The image formation model: Gonzalez & Woods describe image formation as f(x,y) = i(x,y) × r(x,y) — the observed image is the product of illumination (i, slowly varying, low-frequency) and reflectance/fluorescence (r, rapidly varying, high-frequency). Separating these components is the fundamental pre-processing challenge. In the log domain, this multiplication becomes addition: log(f) = log(i) + log(r), enabling additive separation techniques.
Top-hat as signal separation: Solomon & Breckon explain: "Opening removes small light details whilst leaving darker regions undisturbed. The difference lifts out local details independently of intensity variation." The top-hat transform is the simplest practical implementation of the illumination/signal separation model. It works because biological objects (nuclei, membranes) are spatially compact (high-frequency), while illumination gradients are spatially broad (low-frequency), and the morphological opening selectively removes the high-frequency component.
Why fluorescence images need this: Dobrucki warns that mercury arc lamps produce highly non-uniform field illumination, with intensity dropping significantly from center to edge. Even LEDs exhibit some vignetting. In fluorescence microscopy, this illumination non-uniformity directly scales the measured fluorescence intensity — a cell at the edge produces fewer fluorescence photons simply because it receives less excitation light. The effect is multiplicative: a 30% illumination drop at the field edge means a 30% reduction in all fluorescence measurements at that position.
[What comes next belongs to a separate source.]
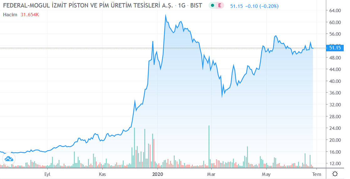 FMIZP.IS hissesi 52 haftalık en düşük 15.10 TRY fiyatını; en yüksek ise 63.10 TRY fiyatını gördü.

Frequency domain interpretation: The top-hat transform is equivalent to a spatial high-pass filter — it removes low-frequency content (illumination) and passes high-frequency content (biological features). The Gaussian self-Fourier property (noted by Vetterli) means that a Gaussian smoothing kernel in the spatial domain produces a Gaussian attenuation in the frequency domain. The morphological opening approximates this: the structuring element size sets the effective cutoff frequency between "background" and "signal."
The critical tradeoff: Set the Object Radius too small, and biological features (large nuclei, cell clusters) are mistakenly included in the background estimate — they get subtracted, producing dark halos around bright objects. Set it too large, and local illumination variation isn't captured — correction is incomplete. The ideal radius is 2-3× the largest feature of interest: large enough to exclude all biology from the background estimate, small enough to track the illumination gradient's spatial variation.
Every fluorescence image is the product of two things: the biology (what you want) and the illumination (what you don't). The illumination varies slowly across the field — bright center, dim edges. Background Removal estimates this slow variation using a large smoothing kernel and subtracts it, leaving the biology on a flat baseline. The kernel must be larger than any cell so it doesn't accidentally erase biological signal along with the background.